In the 1st reading of this 27th Sunday in Ordinary times, year C, (Habakkuk 1:2, 2:2-3) laments, "O Lord, how long shall I cry for help, and you will not listen? Or cry to you ‘Violence!’ and you will not save?"
There is something deeply human in these words of Habakkuk. He does not dress his prayer with polite phrases or distant reverence. Rather, he cries out from the depths of frustration, confusion, and pain. His voice echoes the questions many of us have whispered when heaven seems silent as we cry out for help, healing, relief, and breakthroughs. The Bible is full of laments. The psalms cry out, “Why, O Lord, do you stand far off?” Even Jesus on the cross cried, “My God, my God, why have you forsaken me?”

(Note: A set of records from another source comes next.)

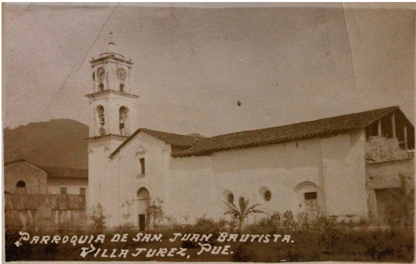
Figura 6. Vista de la antigua parroquia de San Juan Bautista en Xicotepec de Juárez, derribada para construir el nuevo templo. Fuente: Reyes, Un ángel para los pobres , 86.

como prueba la celebración del Segundo Sínodo Diocesano en 1945, que dictó nuevas formas de funcionamiento en las parroquias de la diócesis. Se trató de una estrategia de “recatolización” de la sociedad que pasaba por la creación de núcleos de la Acción Católica y el incremento de actividades religiosas tanto personales (otorgamiento de sacramentos y confesiones) como públicas y multitudinarias (procesiones, misiones, peregrinaciones, etcétera), actividades a las que el Padre Panchito se dedicó con especial empeño en la parroquia xicotepense.
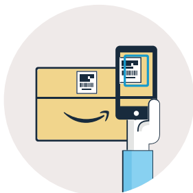
Scannez les colis réceptionnés
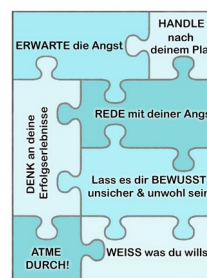
Die Puzzle Teile der Angstbewältigung
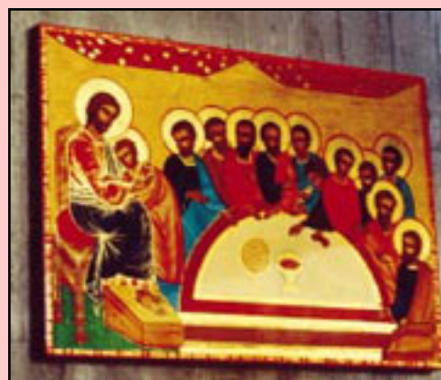
Fig. 8 - João Filipe, Última Ceia, 1993.
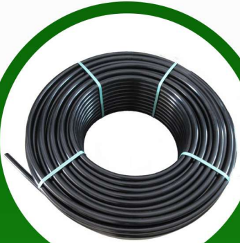
لي 2 بوصة 6 بار 100 متر
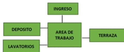
Figura 6. Organigrama para ambientes de arte manual, a partir de los datos de entrevistas aplicadas a profesionales.

Los talleres artísticos manuales deben ser
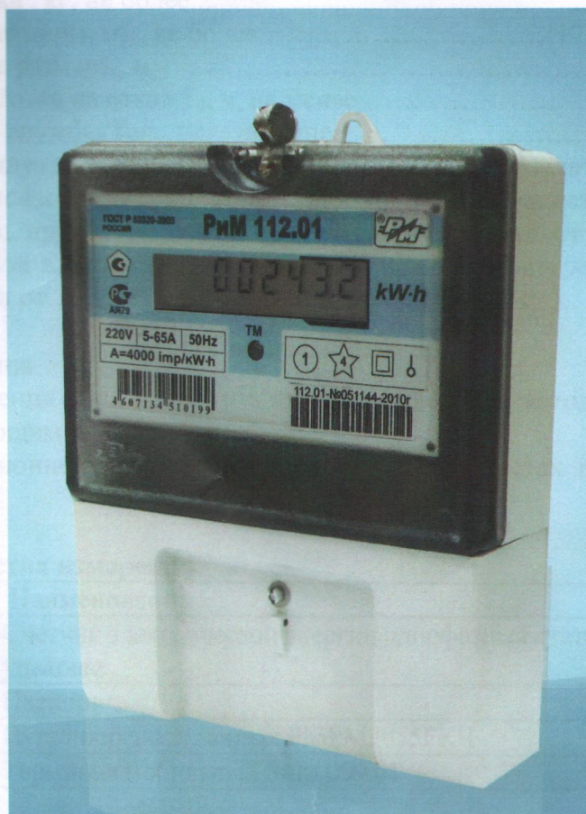
Рисунок 2 - Общий вид счетчика РиМ 112.01
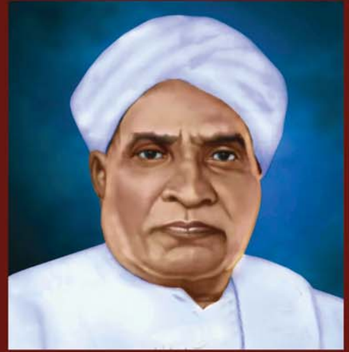
ఆగస్టు 29 : గిడుగు జయంతి తెలుగుభాషా దినోత్సవం
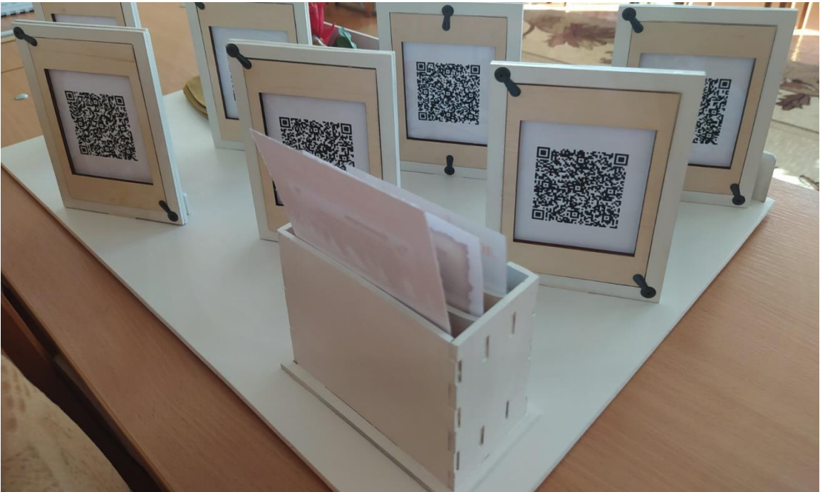
Фото 3. Дидактический материал «Маленькие герои большой войны»
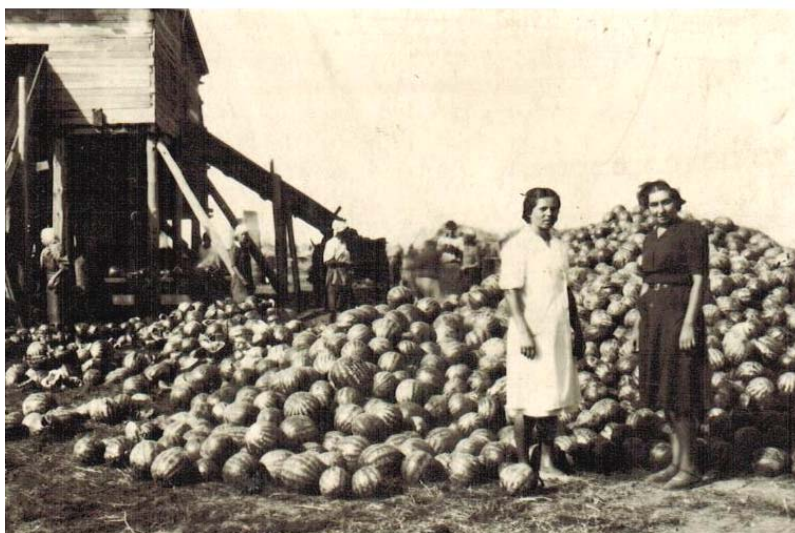
Медоварка, 1940 год

Чтобы получить семена арбузов, был построен специальный заводик, очень простой по замыслу, но с большим экономическим эффектом. Мы его называли медоваркой. Там арбузы, разрубленные ножами-тесаками на специально вращающихся кулачках в виде торпеды с ребрами (из нержавеющей металлического сплава) очищались от мякоти, калгушки (корки) сбрасывались в отсек, а мякоть сливалась самоотеком на специальные сита. Там семена пустые отделялись от полноценных, сок, пройдя через несколько сит, стекал в специальные емкости, а отжатая мякоть шла по своему каналу. Из сока варился замечательный мед. Для этой цели строились временные печи (горны) с отверстиями для медных тазов, в которых производилось уваривание сока до определенной кондиции. Он густел, приобретал светло-коричневую окраску, и готовность его определяли так же, как варенье — по капле. Готовый мед сливали в деревянные кадки, которые плотно укупоривали. Большая часть сваренного меда куда-то отправлялась: он пользовался спросом. Но немалая часть его оставалась для внутреннего потребления. Для сотрудников он стоил очень дешево. Я этот мед любила больше, чем пчелиный. С ним мы ели домашнюю ряженку (видимо, прототип йогурта, только вкуснее и полезнее, так как в нем было много фруктозы). К сожалению, когда я навещала поселок в 2003 году, медоварки уже не было. В нынешнем Российском государстве как-то больше принято не создавать, а разрушать созданное.
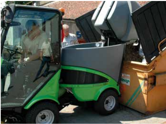
Hydraulisk tippfunktion direkt i container
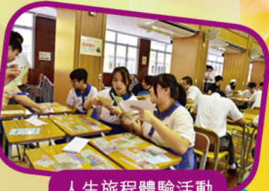
人生旅程體驗活動
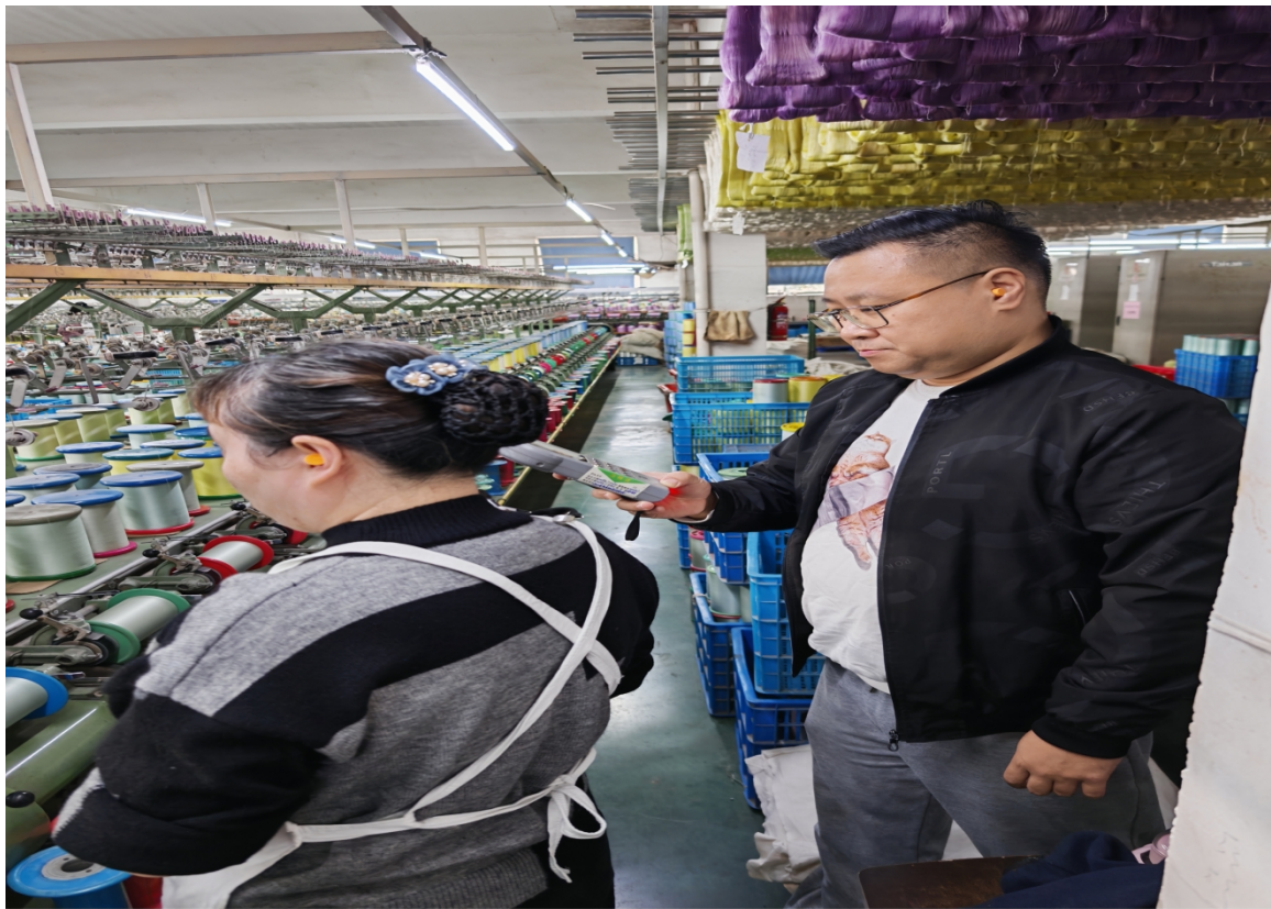
HONOR Magic7 Pro

24mm f/1.4 1/33s ISO320 2025/10/27 09:54 湖州市吴兴区

My friends, faith is not pretending everything is fine, suppressing our doubts, hiding our pain, or putting on a smile when our hearts are broken. it is bringing our pain into the presence of God, trusting that God is big enough to handle our doubts, our anger, and our tears. So, lament is not weakness; it is worship.
The good news is that silence is not absence and delay is not denial. God is not indifferent. He is not asleep. He is working in ways we cannot yet see, for later in this same book, God tells Habakkuk, “The vision awaits its appointed time… though it lingers, wait for it; it will certainly come and will not delay” (Hab. 2:3). God’s timing may not match ours, but His faithfulness never fails.

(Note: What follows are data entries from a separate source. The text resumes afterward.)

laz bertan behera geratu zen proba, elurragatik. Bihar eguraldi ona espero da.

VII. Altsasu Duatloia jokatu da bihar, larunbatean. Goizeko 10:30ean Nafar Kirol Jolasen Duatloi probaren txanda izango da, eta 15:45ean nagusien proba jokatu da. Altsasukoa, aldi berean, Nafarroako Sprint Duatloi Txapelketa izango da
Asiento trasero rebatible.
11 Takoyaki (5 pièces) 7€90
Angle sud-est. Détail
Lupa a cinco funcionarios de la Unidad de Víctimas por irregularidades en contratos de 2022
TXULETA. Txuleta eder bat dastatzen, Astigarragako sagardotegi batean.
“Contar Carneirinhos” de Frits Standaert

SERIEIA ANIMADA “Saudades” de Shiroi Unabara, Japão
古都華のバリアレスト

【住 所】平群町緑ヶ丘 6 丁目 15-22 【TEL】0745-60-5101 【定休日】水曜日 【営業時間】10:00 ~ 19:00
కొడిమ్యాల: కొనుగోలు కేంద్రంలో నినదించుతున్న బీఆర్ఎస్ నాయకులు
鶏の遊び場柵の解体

What’s remarkable is that Habakkuk’s story does not end in despair. By chapter 3, the prophet declares: “Though the fig tree does not bud and there are no grapes on the vines… yet I will rejoice in the Lord, I will be joyful in God my Savior.” This shift, from protest to praise, didn’t come because his circumstances suddenly improve, but because he discovered that God’s presence is steady even when His timing feels slow; he discovered that God is enough.

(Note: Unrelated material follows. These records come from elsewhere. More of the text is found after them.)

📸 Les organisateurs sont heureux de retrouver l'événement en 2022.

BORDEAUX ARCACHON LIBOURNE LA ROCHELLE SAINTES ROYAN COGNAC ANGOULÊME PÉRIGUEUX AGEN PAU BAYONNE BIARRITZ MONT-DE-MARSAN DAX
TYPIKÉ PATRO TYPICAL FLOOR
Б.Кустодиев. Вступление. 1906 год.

What we learn is that faith is not about sanitizing our prayers but being honest with God as we bring to Him our questions, anger, and tears. He welcomes and can handle them. Silence is not absence nor abandonment—God is still at work, weaving a story bigger than what we can see. Let’s choose joy in waiting, not because it is easy, but because God is faithful. He hears, sees, and will act in His time. Our cries are not wasted. They rise to the One who embraces us in our waiting and strengthens us to endure with faith. In all circumstances, hang in there, my friends, help is on the way. Always give tomorrow a chance.